Vulkan/OpenGL Next Generation Initiative: unified API for mobile and non-mobile devices.

  • Thread starter Deleted member 13524
  • Start date
http://anandtech.com/show/9038/next-generation-opengl-becomes-vulkan-additional-details-released
In fact Khronos has confirmed that AMD has contributed Mantle towards the development of Vulkan, and though we need to be clear that Vulkan is not Mantle, Mantle was used to bootstrap the process and speed its development, making Vulkan a derivation of sorts of Mantle (think Unix family tree).
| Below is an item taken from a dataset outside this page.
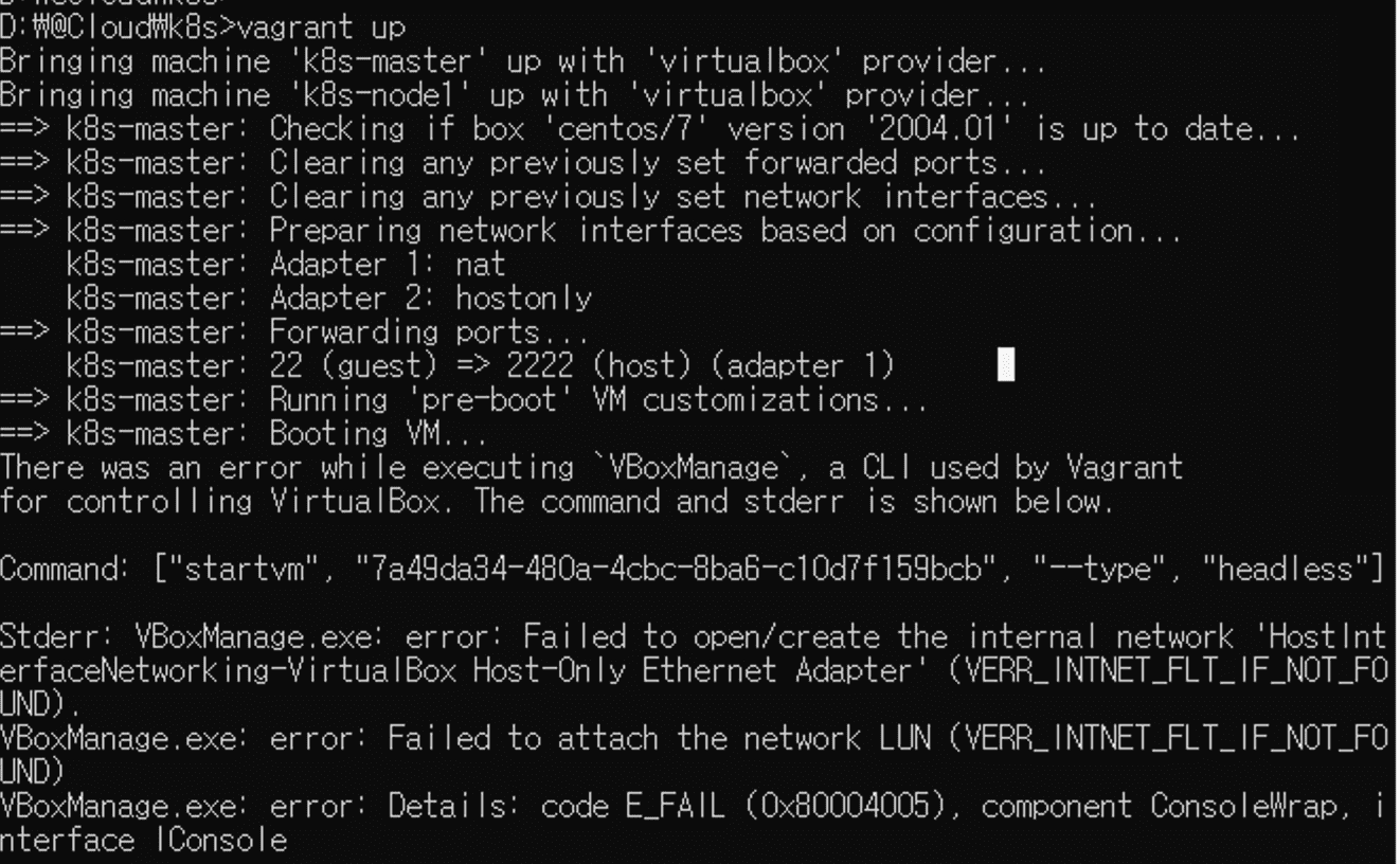 안녕하세요. vagrant 로 설치 진행 시 아래와 같이 에러가 나오는데요.

What has changed from Mantle is that Khronos has gone through a period of refinement, keeping what worked in Vulcan and throwing out portions of Mantle that didn’t work well – particularly HLSL and anything that would prevent the API from being cross-vendor – replacing it with the other necessary/better functionality.
 
OpenCL 2.1 with SPIR-V:
http://anandtech.com/show/9039/khronos-announces-opencl-21-c-comes-to-opencl

C++14 subset shading language (lambdas, templates, etc). Subgroup functionality improvements. Meaning that OpenCL finally will match CUDA in productivity (and performance).
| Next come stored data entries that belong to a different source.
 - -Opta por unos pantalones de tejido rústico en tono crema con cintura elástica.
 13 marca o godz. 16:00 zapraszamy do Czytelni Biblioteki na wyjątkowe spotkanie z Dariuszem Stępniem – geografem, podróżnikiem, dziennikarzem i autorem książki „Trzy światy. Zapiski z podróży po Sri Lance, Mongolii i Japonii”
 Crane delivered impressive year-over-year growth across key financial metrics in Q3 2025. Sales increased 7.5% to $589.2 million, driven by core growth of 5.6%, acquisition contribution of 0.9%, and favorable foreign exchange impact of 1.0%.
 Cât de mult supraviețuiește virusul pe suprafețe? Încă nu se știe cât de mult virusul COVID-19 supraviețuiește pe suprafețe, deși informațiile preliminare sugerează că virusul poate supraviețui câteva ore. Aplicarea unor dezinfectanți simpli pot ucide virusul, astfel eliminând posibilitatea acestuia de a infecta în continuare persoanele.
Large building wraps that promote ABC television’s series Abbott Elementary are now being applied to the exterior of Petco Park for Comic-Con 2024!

Vulkan shares the SPIR-V backend with OpenCL 2.1. It should't be a big task add C++14 shading language and other OpenCL 2.1 goodies such as subgroup functionality and device side enqueue to Vulkan. If this happens, Vulkan becomes a very interesting API (very good productivity and GPU side performance). A robust shading language (with generics support) is becoming a highly important thing since many graphics engines are at least partly transitioning to GPU from CPU. Writing and maintaining good generic libraries for shader code is a time consuming task. C++14 subset language makes this much easier (CUDA is a good example of this).
 
Shared SPIR-V backend would make it trivial for Vulcan's compute shaders and OpenCL 2.1 to share the same shader feature set.

This would mean the following things:
1. We finally have a PC graphics API that supports device side enqueue (dynamic parallelism) :)
2. We finally have a PC graphics API that supports subgroup (wave/warp) and cross lane operations :)
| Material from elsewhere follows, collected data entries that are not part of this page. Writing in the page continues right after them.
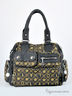 Эффектная сумка из искусственной кожи с оригинальным вышитым узором. Четыре внешних накладных и один прорезной карманы на молнии и на кнопках. Ручки средней длины позволяют носить сумку на плече. Бока дополнены кольцами для ремня.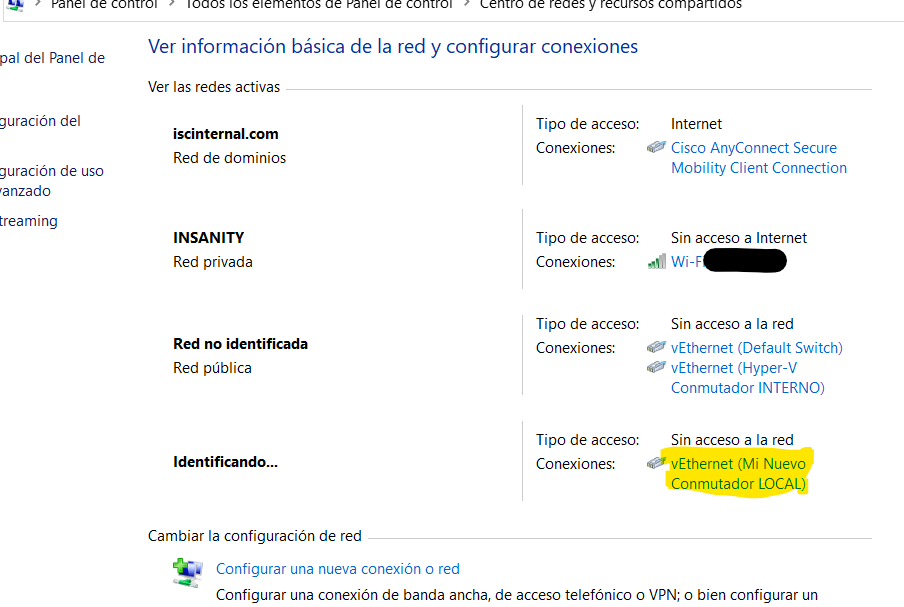 (注意:在图片上可以看到另一个交换机 Hyper-V Conmutador INTERNO。 它用于我的另一个子网。 此配置中不需要它)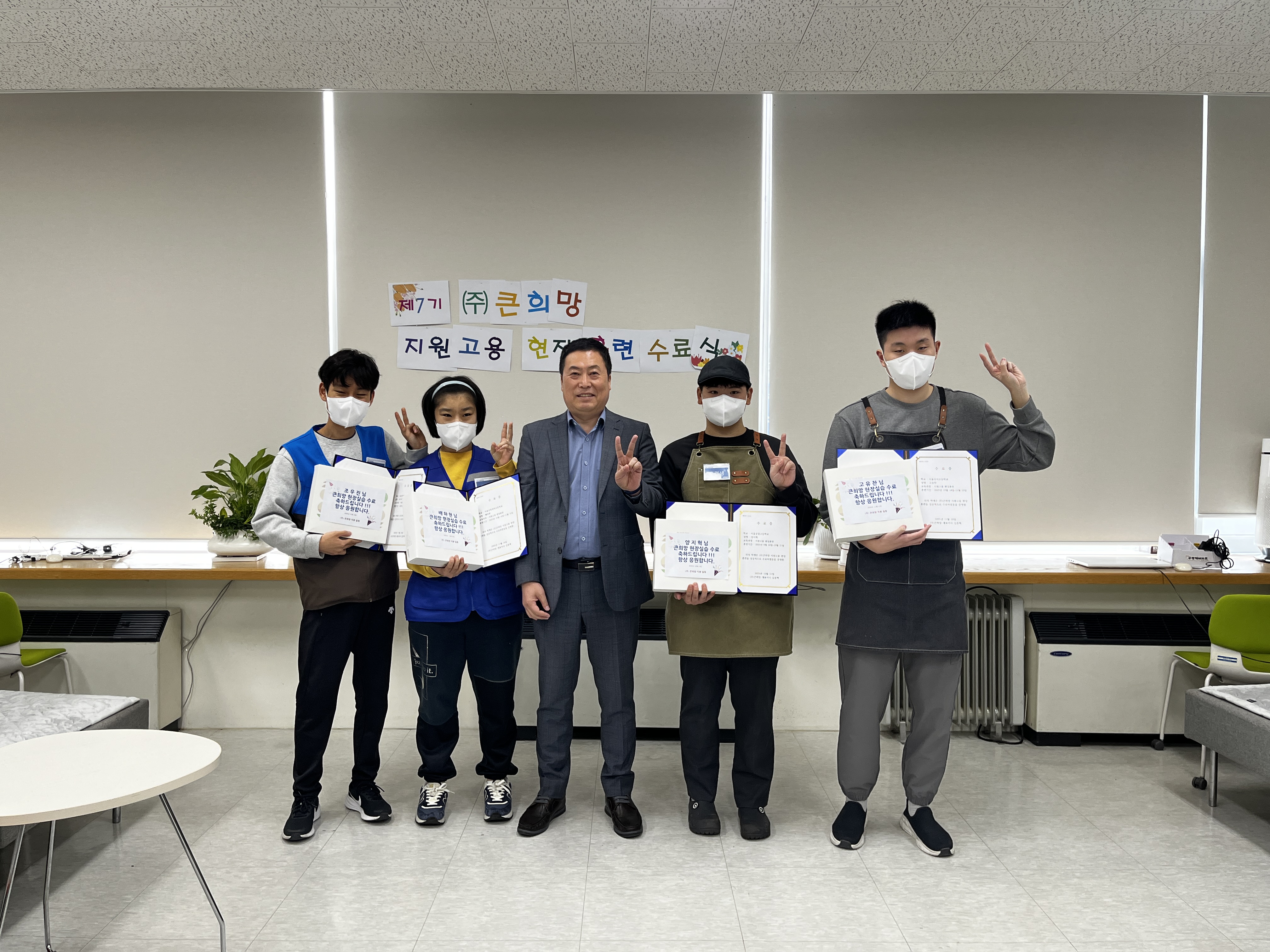 장애 청소년 직업교육훈련ㆍ일자리 채용으로 ESG 경영 실천태광그룹 계열사 티시스의 장애인표준사업장 ‘큰희망’이 30일 오전 서울 영등포구 큰희망 사업장에서 ‘예비초년생 중증장애인 직업교육훈련 제7기 수료식’을 개최했다. 이번 직업교육훈련에는 사회 진출을 앞둔 고등학교 3학년 중증장애인 4명이 참여했으며, 지난 9월 29일부터 4주간 ▲바리스타 ▲우편택배 ▲편의점 ▲구내식당 ▲환경지원파트 등 다양한 직무훈련과 ▲직장 예절 및 직무 태도 등 직장 적응 교육 과정을 이수했다. 큰희망은 2019년부터 한국장애인고용공단 남부지사와 협력해 중증장애인 직장 적응훈련 프로그램을 운영하고 있다. 이번 7기 수료생을 포함해 지금까지 총 62명이 수료를 마쳤다. 큰희망은 이번 7기 수료생 중 1명을 정식 채용하여 훈련 지원을 넘어 실제 고용으로 이어지는 선순환 모델을 구축하고 있다. 특히 지자체가 훈련 프로그램 운영 기관에 지원하는 훈련보조금을 지역 복지기관에 전액 기부하는 나눔 활동도 이어가고 있다. 큰희망은 전체 직원의 92%를 장애인으로 고용하고 있으며, 안정적인 근로환경 조성 노력으로 근로자의 5년 이상 근속률이 97%(‘23년도 기준)에 달한다. ▲바리스타 ▲우편택배 ▲편의점 ▲구내식당 ▲환경지원 ▲헬스케어 ▲네일아트 ▲구두정비 등 8개 직무를 운영하며, 근로자가 적성에 맞는 업무를 경험하고 직무 역량을 쌓을 수 있도록 지원하고 있다. 이같은 노력은 대외적으로도 인정받고 있다. 큰희망은 2024년 장애인 일자리 창출 공로로 국무총리 표창, 2023년에는 서울특별시장 표창을 수상하며 모범적인 장애인 고용 및 사회공헌 기업으로 평가받았다. 김중혁 큰희망 대표이사는 “큰희망은 장애인 근로자들이 자립하고 성장할 수 있는 지속 가능한 일자리 모델을 만드는 것이 목표”라며 “태광그룹의 ESG 경영 이념을 바탕으로 직원들이 자긍심을 갖고 일할 수 있는 행복한 직장을 만들어가겠다”고 말했다. ![]() ![]() ![]() ![]() |

Both features are 100% AWESOME and result in big GPU side performance gains. Also both features make shader programming easier, by reducing the code bloat. Subgroup operations make it almost trivial to do complex parallel constructions such as prefix sums and reductions. These constructs allow the compiler to emit optimal vendor specific GPU op-codes (lane swizzles instead of manual LDS communication). Complex compute shaders get both simpler and run faster (less instructions, no additional LDS usage, reduced GPR usage). Device side enqueue simplifies both CPU code and GPU code (no need to bounce data and control flow between CPU<->GPU multiple times) and makes it possible to implement a wide variety of traditional divide-and-conquer algorithms on the GPU without needing frequent CPU round trips. Performance of these kinds of algorithms on GPU is awful without device side enqueue.

I just hope that Microsoft follows the lead, and starts to improve DirectCompute sooner than later. DirectCompute feature set has been unchanged since the launch (of DirectX 11.0). DirectX 11.1 and 11.2 added only graphics features, no improvement for compute at all. The published DirectX 11.3 feature list (http://www.anandtech.com/show/8544/microsoft-details-direct3d-113-12-new-features) includes only graphics features.

DirectCompute is starting to feel ancient, as CUDA and OpenCL have improved rapidly over the past few years. Our engine is ~90% compute shaders. Other developers are moving rapidly towards compute as well. I would kill to have all these new features and productivity improvements in DirectX.
 
Last edited:
In Vulkan, the application has direct control over the operation of the GPU via a simplified driver. “The GPU has been laid bare for you. You can screw it up, but in the right hands this gives you maximum system performance, and gives the developer lots of flexibility,” Nvidia’s Neil Trevett, president of the Khronos Group, told El Reg.

In OpenGL, the shader language compiler is part of the driver, whereas Vulkan consumes SPIR-V. This also means that developers will no longer need to ship shader source code. Vulkan is also better for multi-core programming, with multiple command buffers than execute in parallel. “In the traditional OpenGL architecture, creating command buffers and submitting them to the GPU was difficult to split up into multiple threads, and often OpenGL applications are CPU limited, the GPU can’t be fed fast enough. Now you can create as many buffers as you want in parallel. This was the one thing we couldn’t fix in OpenGL,” Trevett says.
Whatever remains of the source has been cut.